Note the line containing "2012年 花や風景や 184"; from it through the last line below, give only those lines again, exactly, both ends included, skipping pictures.

** Supplied material follows **

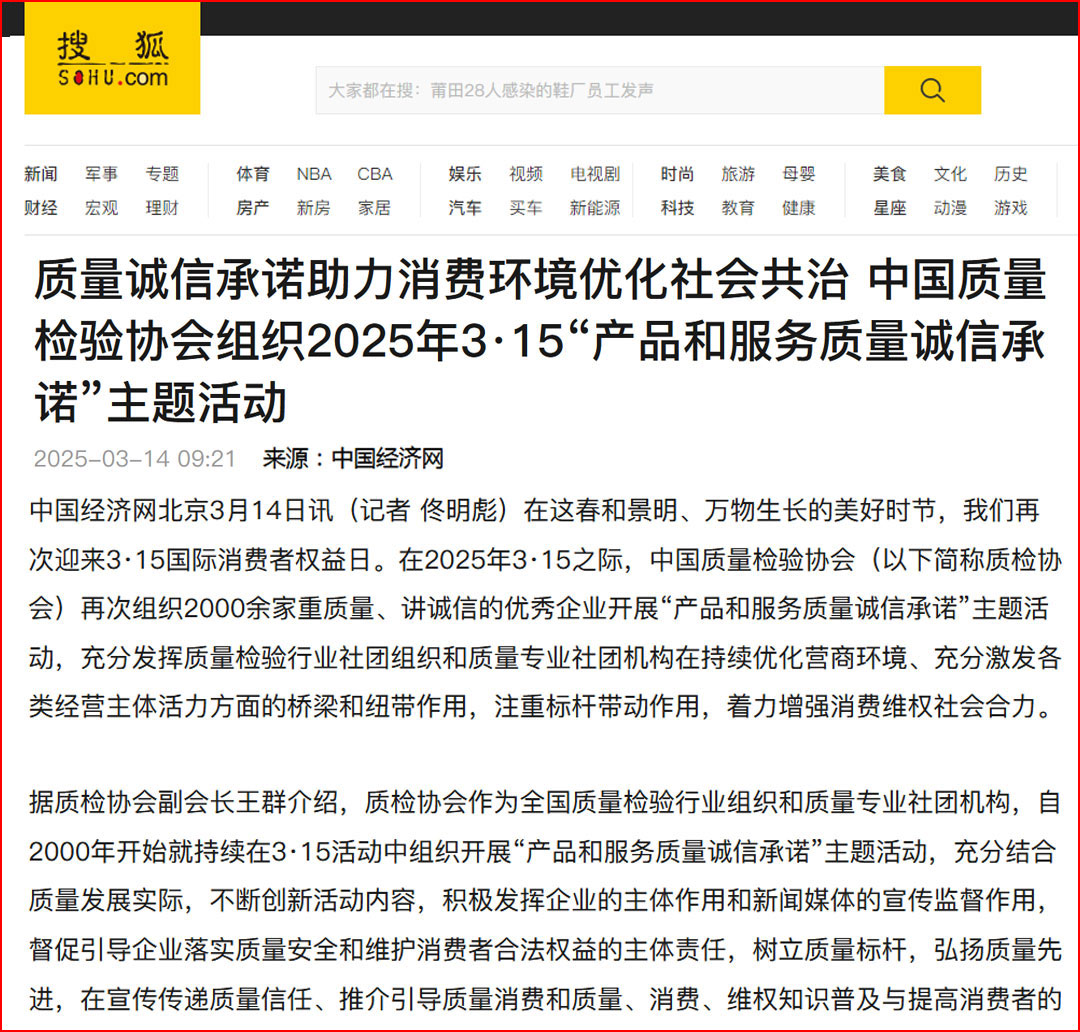 搜狐網(wǎng)報(bào)道:質(zhì)量誠信承諾助力消費(fèi)環(huán)境優(yōu)化社會(huì)共治——中國質(zhì)量檢驗(yàn)協(xié)會(huì)組織2025年3·15“產(chǎn)品和服務(wù)質(zhì)量誠信承諾”主題活動(dòng)
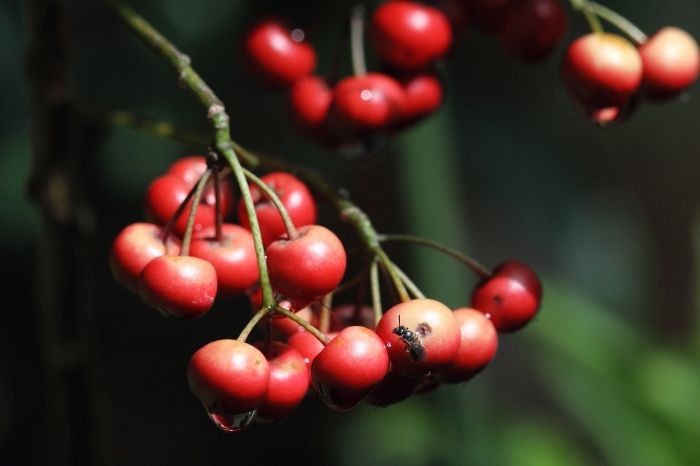 2012年 花や風景や 184 戻る 撮影(09/01) 万両(まんりょう、Ardisia crenata Sims)です。 日照り続きが原因でしょうか。上半分が少し黄色になっています。ここ数年、 こんな変色を見た記憶がありません。 渡り鳥の冬鳥が好んで食べる実ですが、今年は美味しくないかも知れません。 それどころか、落ちて無くなっているかも知れません。 (Canon) EOS 60D EF 180mm F3.5L Macro USM
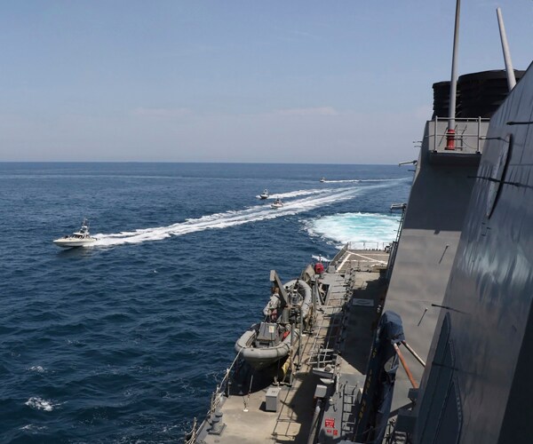 According to the Navy, the Americans issued multiple warnings via bridge-to-bridge radio, fired five short blasts from the ships' horns and long-range acoustic noise maker devices, but received no immediate response, the statement said. After about an hour, the Iranian vessels responded to the bridge-to-bridge radio queries, then maneuvered away.
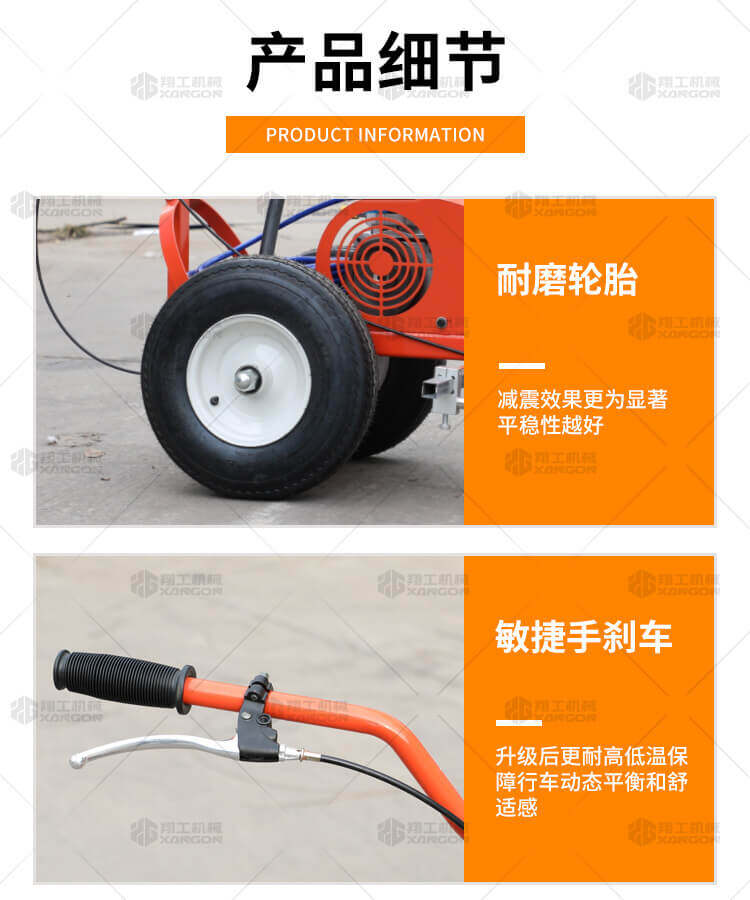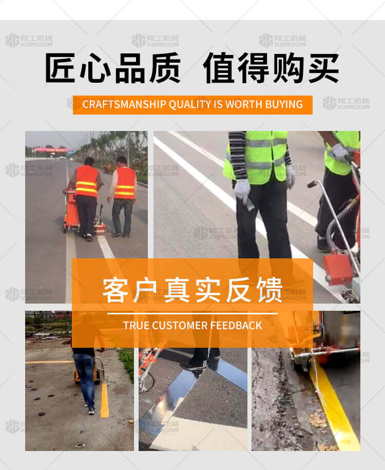 小型手推式道路劃線機(jī)是一種在道路、停車場(chǎng)、廣場(chǎng)和跑道等平整地面上劃出不同約束、指引和警示等規(guī)則限制標(biāo)志的路面施工機(jī)械。最常見(jiàn)的就是在馬路上劃斑馬線,在路上劃車庫(kù)線、停車線等等應(yīng)用于小型工程、短途施工,活動(dòng)方便,靈活操作。 道路劃線機(jī)有冷噴式和熱熔式兩大類,冷噴式操作方便,施工快捷,可連續(xù)快速施工,越來(lái)越受到用戶青睞。熱熔式要帶上熱熔高溫爐等諸多輔助設(shè)施,施工時(shí)要間歇地從熱熔高溫爐取料,施工速度很慢,操作便捷性不夠且效率低,但一次成膜較厚。目前,比較常用的是冷噴手推式劃線機(jī),它可運(yùn)用于一般公路中小工程,運(yùn)用于廠區(qū)或地下室小工程劃線施工。

** End of Supplied material **

▶ _Solution below_:
 2012年 花や風景や 184 戻る 撮影(09/01) 万両(まんりょう、Ardisia crenata Sims)です。 日照り続きが原因でしょうか。上半分が少し黄色になっています。ここ数年、 こんな変色を見た記憶がありません。 渡り鳥の冬鳥が好んで食べる実ですが、今年は美味しくないかも知れません。 それどころか、落ちて無くなっているかも知れません。 (Canon) EOS 60D EF 180mm F3.5L Macro USM
 According to the Navy, the Americans issued multiple warnings via bridge-to-bridge radio, fired five short blasts from the ships' horns and long-range acoustic noise maker devices, but received no immediate response, the statement said. After about an hour, the Iranian vessels responded to the bridge-to-bridge radio queries, then maneuvered away.
 小型手推式道路劃線機(jī)是一種在道路、停車場(chǎng)、廣場(chǎng)和跑道等平整地面上劃出不同約束、指引和警示等規(guī)則限制標(biāo)志的路面施工機(jī)械。最常見(jiàn)的就是在馬路上劃斑馬線,在路上劃車庫(kù)線、停車線等等應(yīng)用于小型工程、短途施工,活動(dòng)方便,靈活操作。 道路劃線機(jī)有冷噴式和熱熔式兩大類,冷噴式操作方便,施工快捷,可連續(xù)快速施工,越來(lái)越受到用戶青睞。熱熔式要帶上熱熔高溫爐等諸多輔助設(shè)施,施工時(shí)要間歇地從熱熔高溫爐取料,施工速度很慢,操作便捷性不夠且效率低,但一次成膜較厚。目前,比較常用的是冷噴手推式劃線機(jī),它可運(yùn)用于一般公路中小工程,運(yùn)用于廠區(qū)或地下室小工程劃線施工。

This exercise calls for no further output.